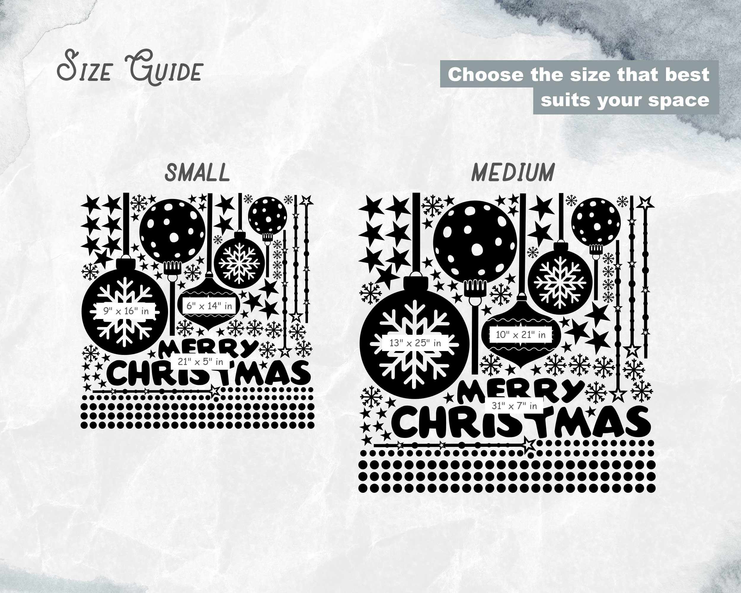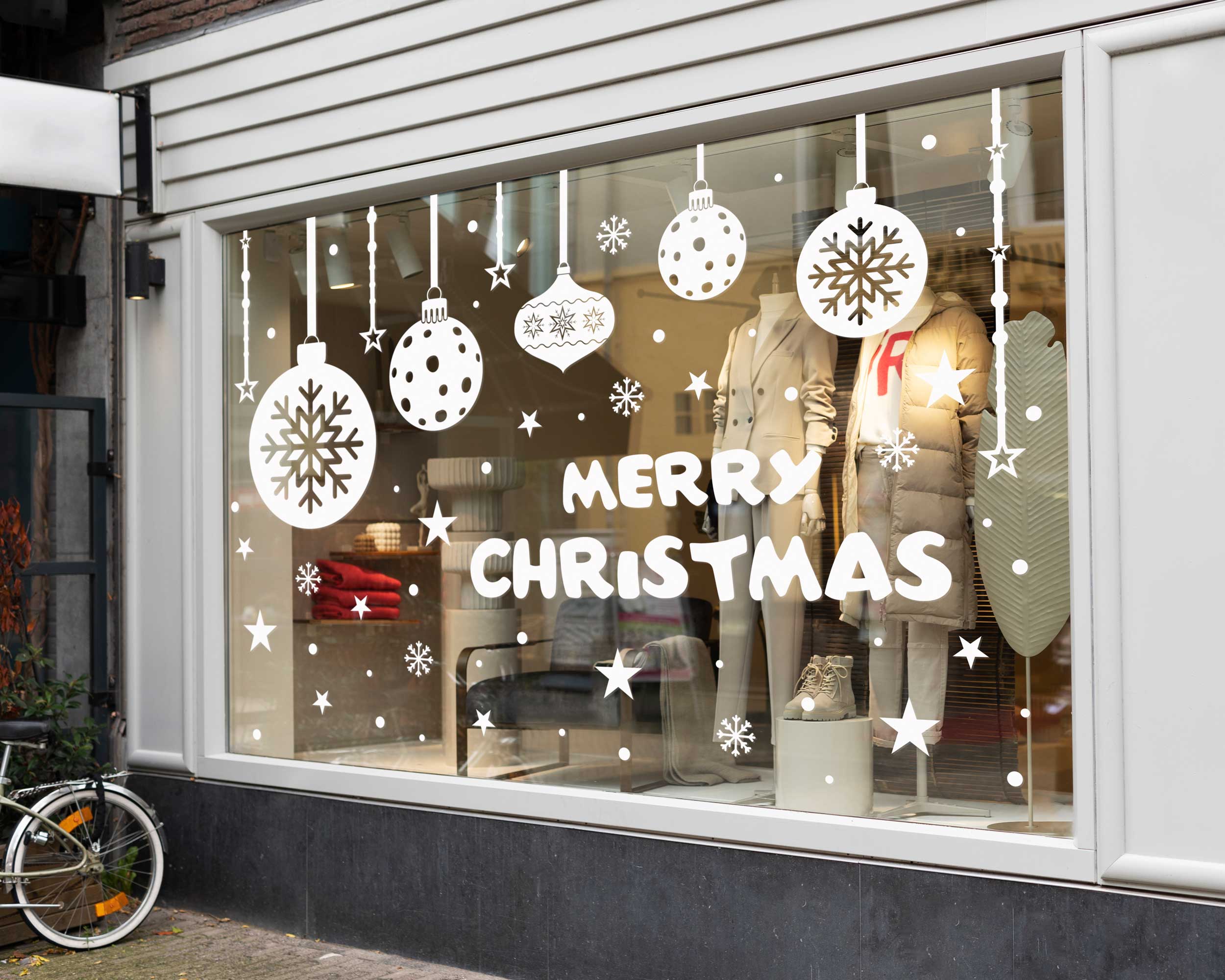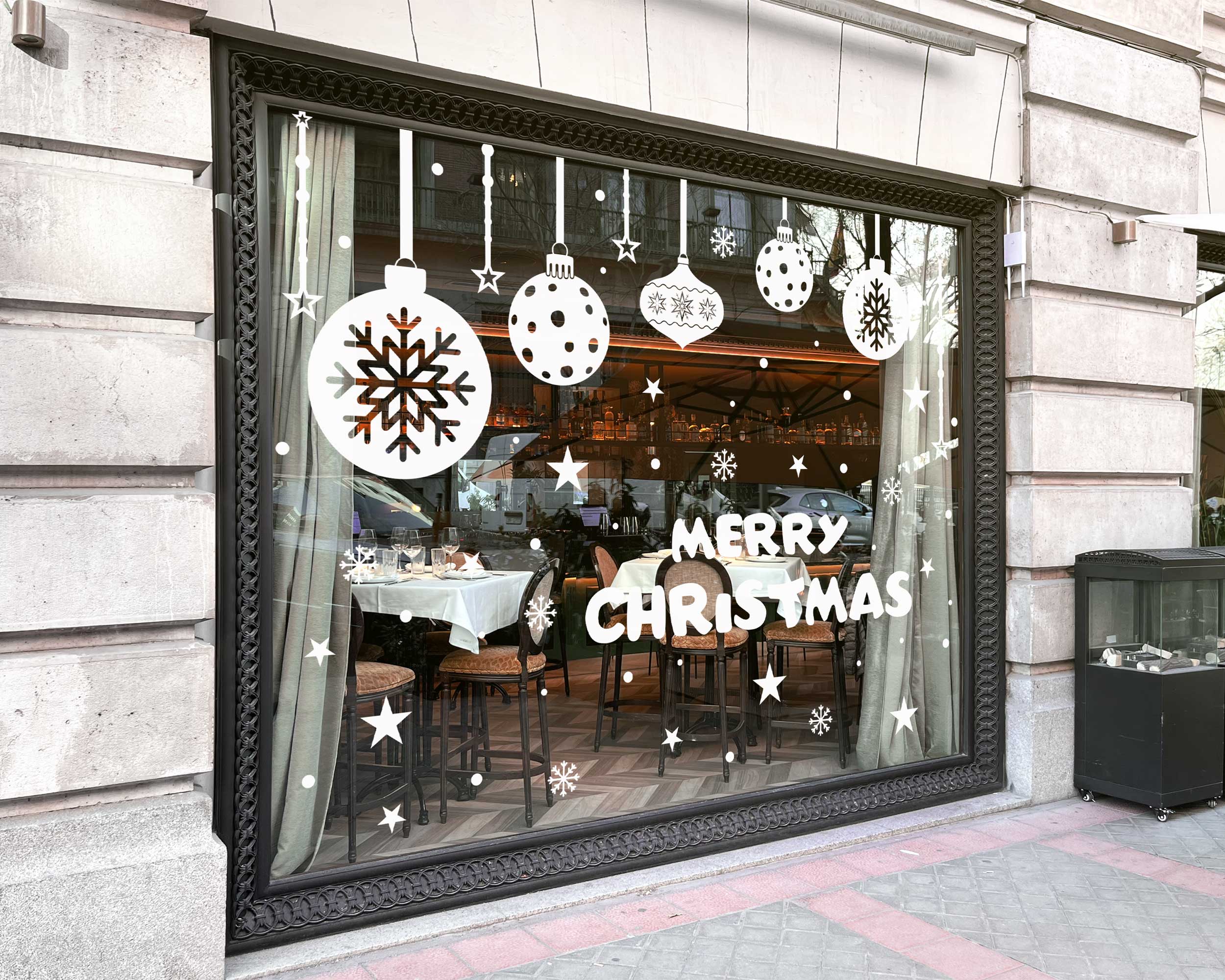 Perfect for retail shops, boutiques, or restaurants, these decals will elevate your holiday decor. The playful mix of hanging ornaments, snowflakes, and bold Merry Christmas text creates an eye-catching display that attracts customers and spreads holiday cheer.
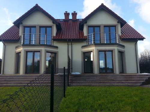 okna w kolorze dębu włoskiego, drzwi antywłamaniowe, alarm, domofon,
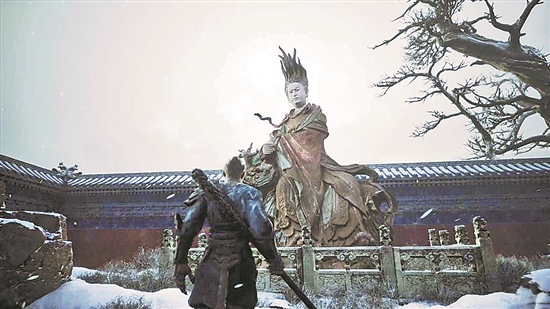 游戲中“既見未來,為何不拜”的名場(chǎng)面實(shí)景是來自山西隰縣小西天。這是一座“小、巧、精、奇”的佛教寺廟,不足170平方米的大雄寶殿里,1978尊精美的彩色懸塑佛像姿態(tài)萬千、生動(dòng)傳神,襯托以層層疊疊的天宮樓閣,呈現(xiàn)出仙宮佛國(guó)的迷人景象。有網(wǎng)友總結(jié)說:“‘悟空’的勝利,是審美的勝利。”
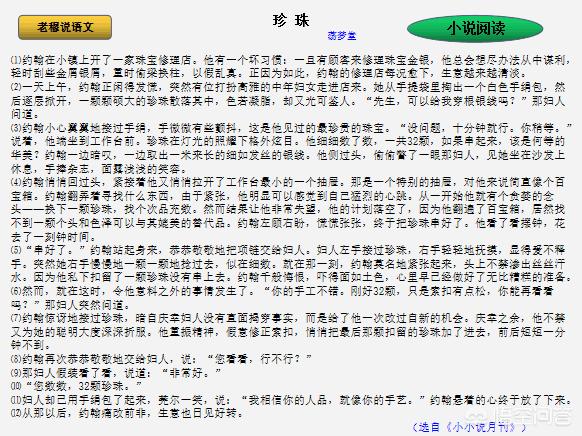 具体来说,看小说不能光看情节,更不能光看结局。哪怕专注于情节,也要看小说情节的开端、发展、高潮、结局分别是什么。有的小说高潮部分就是结局,戛然而止,收到的效果往往意料之外,情理之中。有的小说中间曲折,故事有突转,就要看矛盾的纠结点处对于主题的表达是否有益处。
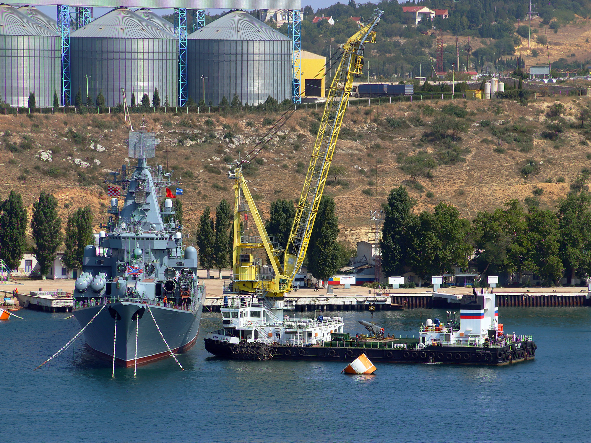 Самоходный плавучий кран СПК-46150 на погрузке ПКР "Вулкан" на ракетный крейсер (фото А.Бричевский, 10 июня 2021 г.)
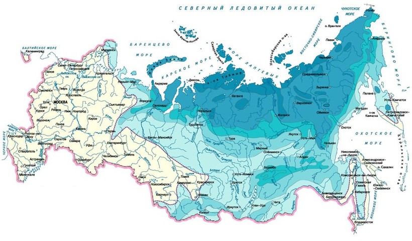 Многолетней мерзлотой занята четверть суши земли, а в России она занимает почти 60% или немного более площади территории. На огромной площади в 11 млн кв км температура не поднимается выше 0" С.
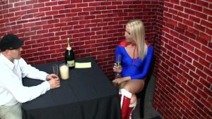Supra Girl is very annoyed but the fan begs for some of her time and she agrees to give him a few minutes, and have little more champagne since it is so good. Unfortunately it is made with just a little green krypotonite. Not enough to really hurt her, just enough to make her weak and pass out just like her ‘fan’ planned all along. He puts her over his shoulder and brings her to the next room to strip and fondle her. Has a camera setup to record this greatest moment of his life as he enjoys himself on her limp body
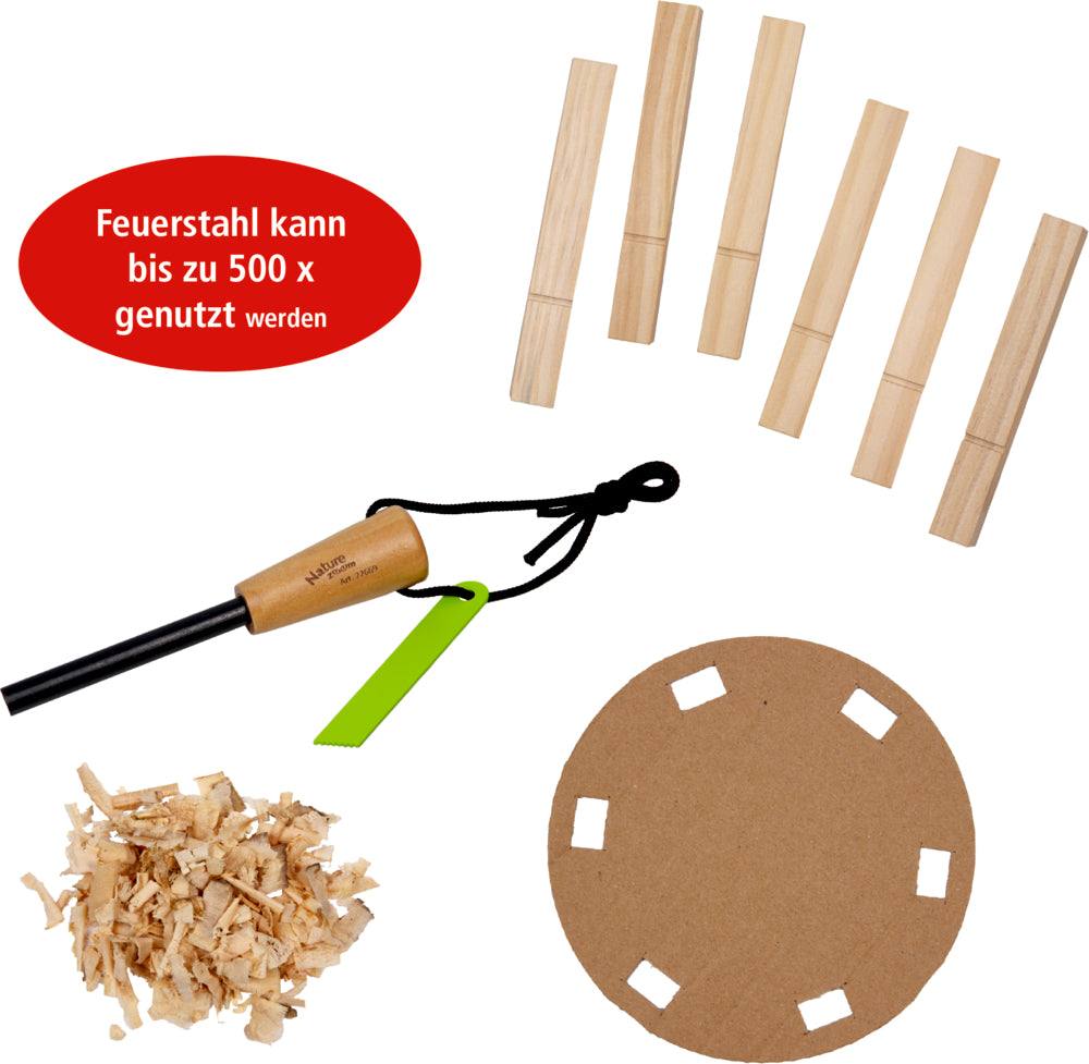 Das Coppenrath – Die Spiegelburg Nature Zoom Lagerfeuer-Starterset ist ein ideales Outdoor-Zubehör für kleine Entdecker und Abenteurer. Mit diesem Set erhalten Kinder alles, was sie für ein gemütliches und sicheres Lagerfeuer benötigen. Enthalten sind 1 Feuerstahl, 6 Holzstäbe, 1 Pappring und 1 Tütchen mit Holzspänen, um das Feuer direkt im Freien anzuzünden, sei es im eigenen Garten, beim Camping oder am Lagerfeuerplatz. Das liebevoll gestaltete Nature Zoom-Design spricht insbesondere Naturfans an und fördert spielerisch den Einstieg in kleine Outdoor-Projekte. Die kindgerechten Bestandteile des Sets sind einfach zu handhaben und unterstützen die Motorik sowie die Achtsamkeit gegenüber der Natur. Egal ob bei einem Familienausflug oder dem nächsten Pfadfinder-Abenteuer, das Lagerfeuer-Starterset ist ein zuverlässiger Begleiter für junge Forscher. Es eignet sich auch hervorragend als Geschenk für kleine Abenteurer, um draußen spannende Erlebnisse zu ermöglichen und die Faszination für Feuer und Natur zu wecken. Das Set beinhaltet 1 Feuerstahl, 6 Holzstäbe, 1 Pappring, 1 Tütchen mit Holzspänen und eine Anleitung. Die Maße betragen 157 x 34 x 150 mm. Das Lagerfeuer-Starterset - Nature Zoom ist für Kinder ab 6 Jahren geeignet und bietet somit eine sichere und unterhaltsame Möglichkeit, die Natur zu erkunden und die Freude am Feuermachen zu entdecken.
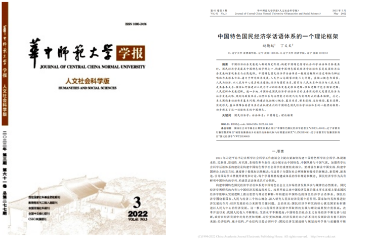 亚澳商学院赵德起教授与博士研究生丁义文在《华中师范大学学报》第61卷第3期发表论文“中国特色国民经济学话语体系的一个理论框架”。
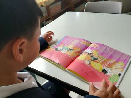 図書室で好きな本を読みながらの学習です。ゆっくりですが、全て一人で読めるようになりました。
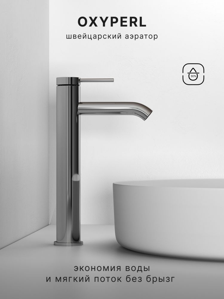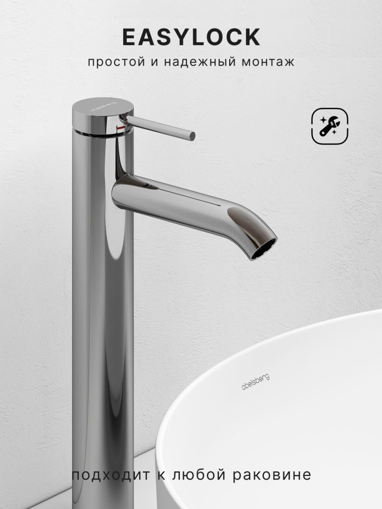 Смеситель для раковины Abelsberg Fluida ERF22003CH высокий, глянцевый хром
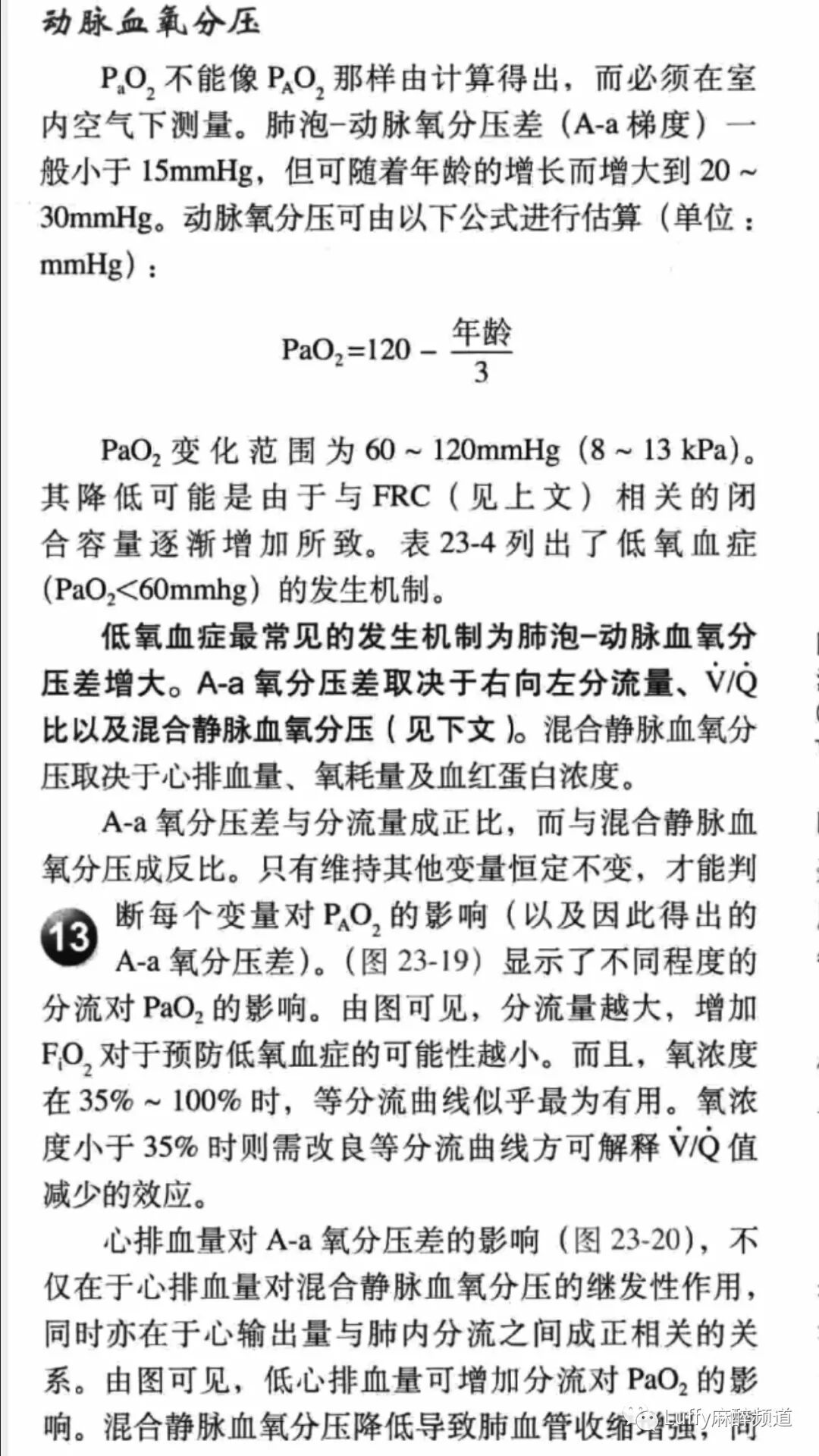 PaO2估算=120-年龄/3 或 100-0.3*年龄
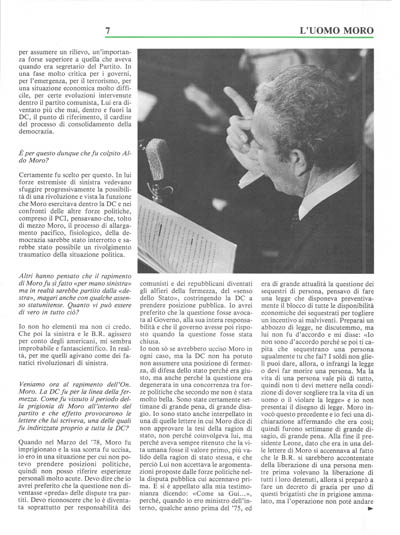 Quando nel Marzo del '78, Moro fu imprigionato e la sua scorta fu uccisa, io ero in una situazione per cui non potevo prendere posizioni politiche, quindi non posso riferire esperienze personali molto acute. Devo dire che io avrei preferito che la questione non diventasse «preda» delle dispute tra partiti. Devo riconoscere che lo è diventata soprattutto per responsabilità dei comunisti e dei repubblicani diventati gli alfieri della fermezza, del «senso dello Stato», costringendo la DC a prendere posizione pubblica. Io avrei preferito che la questione fosse avocata al Governo, alla sua intera responsabilità e che il governo avesse poi risposto quando la questione fosse stata chiusa.
____
■ EXERCISE
Leave out all pictures and output each line exactly, from the top of the records through the line that holds "具体来说,看小说不能光看情节".

■ WRITTEN SOLUTION
 Perfect for retail shops, boutiques, or restaurants, these decals will elevate your holiday decor. The playful mix of hanging ornaments, snowflakes, and bold Merry Christmas text creates an eye-catching display that attracts customers and spreads holiday cheer.
 okna w kolorze dębu włoskiego, drzwi antywłamaniowe, alarm, domofon,
 游戲中“既見未來,為何不拜”的名場(chǎng)面實(shí)景是來自山西隰縣小西天。這是一座“小、巧、精、奇”的佛教寺廟,不足170平方米的大雄寶殿里,1978尊精美的彩色懸塑佛像姿態(tài)萬千、生動(dòng)傳神,襯托以層層疊疊的天宮樓閣,呈現(xiàn)出仙宮佛國(guó)的迷人景象。有網(wǎng)友總結(jié)說:“‘悟空’的勝利,是審美的勝利。”
 具体来说,看小说不能光看情节,更不能光看结局。哪怕专注于情节,也要看小说情节的开端、发展、高潮、结局分别是什么。有的小说高潮部分就是结局,戛然而止,收到的效果往往意料之外,情理之中。有的小说中间曲折,故事有突转,就要看矛盾的纠结点处对于主题的表达是否有益处。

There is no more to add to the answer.